Friday, June 02, 2006

Chicken broth and button mushrooms

Two meals, both involving homemade chicken broth and sliced button mushrooms. One turned out uninteresting, the other flavorful. It's amazing how you can cook with the same ingredients and arrive at totally different outcomes: it's sort of the antithesis of convergent evolution.

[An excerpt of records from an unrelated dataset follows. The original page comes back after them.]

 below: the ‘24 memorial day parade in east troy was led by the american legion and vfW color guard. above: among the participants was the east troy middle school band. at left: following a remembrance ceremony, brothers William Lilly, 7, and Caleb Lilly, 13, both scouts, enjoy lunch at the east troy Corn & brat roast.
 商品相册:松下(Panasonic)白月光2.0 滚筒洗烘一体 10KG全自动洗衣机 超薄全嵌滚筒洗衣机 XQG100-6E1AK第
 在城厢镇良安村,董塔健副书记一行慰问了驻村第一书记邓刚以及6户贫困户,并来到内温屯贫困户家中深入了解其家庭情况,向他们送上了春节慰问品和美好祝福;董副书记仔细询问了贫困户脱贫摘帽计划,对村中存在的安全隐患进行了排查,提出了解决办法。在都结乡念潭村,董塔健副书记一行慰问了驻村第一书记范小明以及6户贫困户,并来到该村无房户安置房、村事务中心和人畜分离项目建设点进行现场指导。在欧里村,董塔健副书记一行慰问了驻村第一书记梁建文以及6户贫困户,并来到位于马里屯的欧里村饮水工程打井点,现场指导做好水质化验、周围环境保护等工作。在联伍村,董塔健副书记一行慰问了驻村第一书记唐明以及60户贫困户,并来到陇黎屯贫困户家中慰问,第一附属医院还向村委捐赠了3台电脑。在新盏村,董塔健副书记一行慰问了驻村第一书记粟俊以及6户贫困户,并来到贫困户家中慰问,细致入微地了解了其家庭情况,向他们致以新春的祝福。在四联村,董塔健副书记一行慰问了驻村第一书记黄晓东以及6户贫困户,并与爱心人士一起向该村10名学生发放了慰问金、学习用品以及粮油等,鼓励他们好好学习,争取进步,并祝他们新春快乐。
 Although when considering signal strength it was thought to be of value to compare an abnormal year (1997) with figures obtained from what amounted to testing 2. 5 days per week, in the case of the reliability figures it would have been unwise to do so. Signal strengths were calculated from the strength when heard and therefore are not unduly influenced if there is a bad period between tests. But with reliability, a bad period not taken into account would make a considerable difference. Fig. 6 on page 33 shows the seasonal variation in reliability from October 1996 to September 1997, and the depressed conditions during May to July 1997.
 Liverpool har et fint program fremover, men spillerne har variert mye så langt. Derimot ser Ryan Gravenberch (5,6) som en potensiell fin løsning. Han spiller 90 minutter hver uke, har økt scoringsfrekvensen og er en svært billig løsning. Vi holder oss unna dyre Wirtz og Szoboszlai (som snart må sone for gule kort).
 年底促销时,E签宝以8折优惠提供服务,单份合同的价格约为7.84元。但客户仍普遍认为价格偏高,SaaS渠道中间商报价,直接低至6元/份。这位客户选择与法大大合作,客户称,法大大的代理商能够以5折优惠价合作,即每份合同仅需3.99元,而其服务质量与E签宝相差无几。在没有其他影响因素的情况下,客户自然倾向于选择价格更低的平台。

First, the unassuming meal. I made jasmine rice according to the instructions on the package, just substituting chicken broth for water. In addition, I scattered sliced button mushrooms on top of the rice, along with fresh rosemary and sage. I hoped this would lead to a flavorful rice along the lines of pilaf. What I got was bland rice (apart from the moments when I bit down on rosemary or sage). The chicken broth and the aroma of jasmine rice cancelled each other out. Forgetting the lesson I had previously learned from a bland pilaf, I didn't add salt as a pick-me-up. On the other hand, button mushrooms are considered a bland-flavored mushroom. What does it say about this dish if the button mushrooms were one of the most strongly-flavored components? They were steamed on top of the rice, and the steaming brought out every nuance of flavor.

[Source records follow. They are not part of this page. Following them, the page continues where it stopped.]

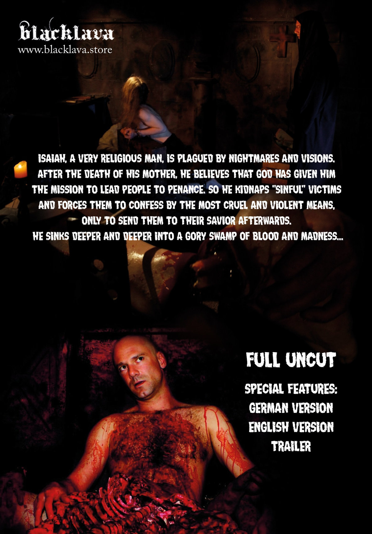 Der strenggläubige Jesaja sieht überall um sich herum Sünde. Als seine Mutter stirbt,f ühlt er sich dazu berufen, zumindest einenTeil der Menschheit von ihrenS ünden zubefreien. Dazu sindi m alle Mittel recht. E rentführt kurzerhand Sünder und zwingt sie zur Beichte, in dem er sie foltert. Erleichtert tötet er dann seine Opfer, wenn si eum Gnade gefleht haben. Jesajas Wahn wird immer größer und er versinkts chon bald in einem wahrgewordenen in einem wahr gewordenen Alptraum aus Blut und Wahnsinn.
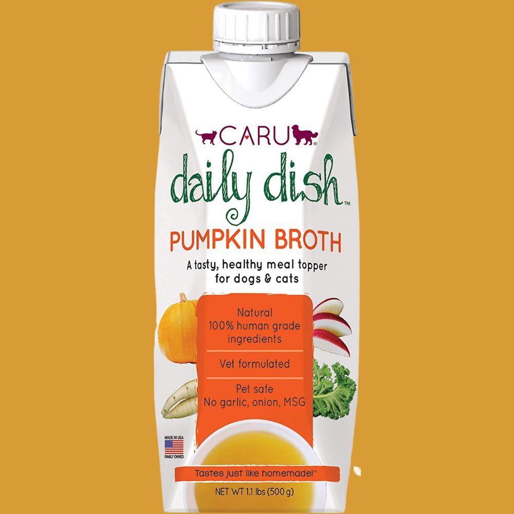 CARU Daily Dish Pumpkin Broth is a delicious and healthy meal topper, Vet formulated to help pets thrive. It's packed with only natural, human-grade ingredients, with no added preservatives, colors, onions, garlic, salt or MSG.
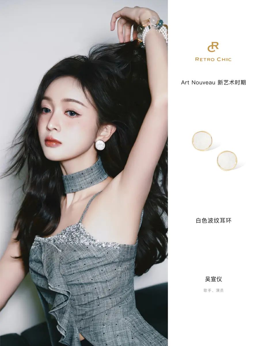 歌手、演员吴宣仪佩戴Retro Chic🇮🇹 Art Nouveau 新艺术时期 白色波纹耳环
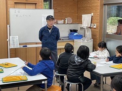 昔は薪を燃料として利用するなど、人々が生活の中で山の資源を活かす機会が多くありました。しかし、便利な道具が普及した現在では、そのような機会が減り、山の木々が十分に整備されないまま放置されることが増えています。その結果、人の世界と動物の世界の境界が曖昧になり、熊や鹿が人里に現れるケースも増えてきていることを教えていただきました。子どもたちは里山が果たす役割や、今の環境が抱える課題について、体験を通して深く理解することができました。
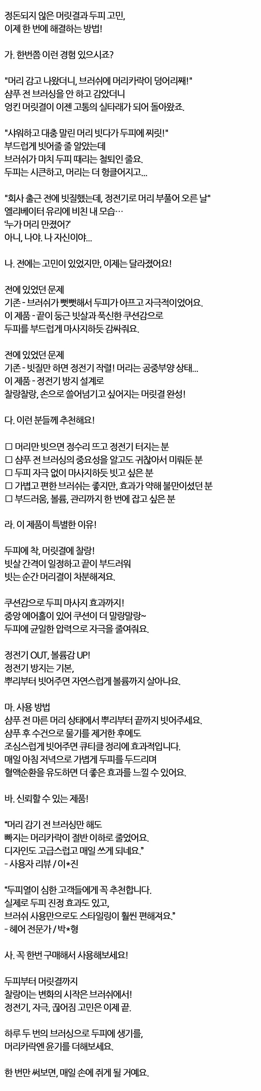 정돈되지 않은 머릿결과 두피 고민 헤어 쿠션 브러쉬
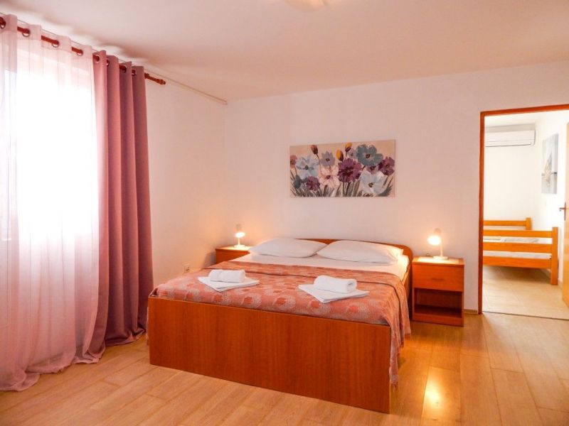 Apartman Jelena AP1, kapaciteta 4 osobe opremljen je s jednim bračnim krevetom i dva pomoćna ležaja. Apartman je kategorije tri (3***) zvjezdice i nalazi se na 3. katu smještajnog objekta. Apartman je klimatiziran, te posjeduje digitalni televizijski prijemnik i besplatni WIFI pristup internetu. Za sve naše goste osiguran je besplatan parking. Zbog blizine mora, idealna smo lokacija za obitelji s djecom i sve one koji žele miran i potpuni odmor. Apartman je udaljen od centra grada Paga svega 10tak minuta ugodne šetnje uz morsku obalu. U blizini apartmana nalazi se restoran s bogatim ribljim, mesnim i vegetarijanskim jelovnikom.

Another night, another dinner. This time, I decided to have a pork chop with miso sauce and pasta on the side. Mark Bittman's "Pork Cutlet with Miso-Red Wine Sauce" recipe (from The Minimalist Cooks Dinner) has become a go-to recipe for me. The recipe is simple, which means that it's easily adapted to different ingredients. I've cooked it with pork and chicken, different varietals of red wine, red and white miso, sherry and, now, chicken broth.

Fresh from the chicken-broth rice debacle, I worried that the sauce for the pork chop would be uninteresting. Luckily, I was wrong. Perhaps the process of cooking down the sauce by half before adding the miso helped. Even before the miso was added, the sauce tasted deep and savory, almost like a beef broth. The miso added (as is its wont) a further layer of winy complexity to the sauce. The mushrooms took on the flavors of the sauce, then concentrated them further. My only knock against this incarnation of the miso sauce is that it was a little too salty, probably because I seasoned the pork chop with salt and pepper before searing it in the skillet. That's easily corrected. Once the sauce was done, I poured it over the pork chop and a pile of spinach fettuccini on the side. It vanished shortly after it hit the plate.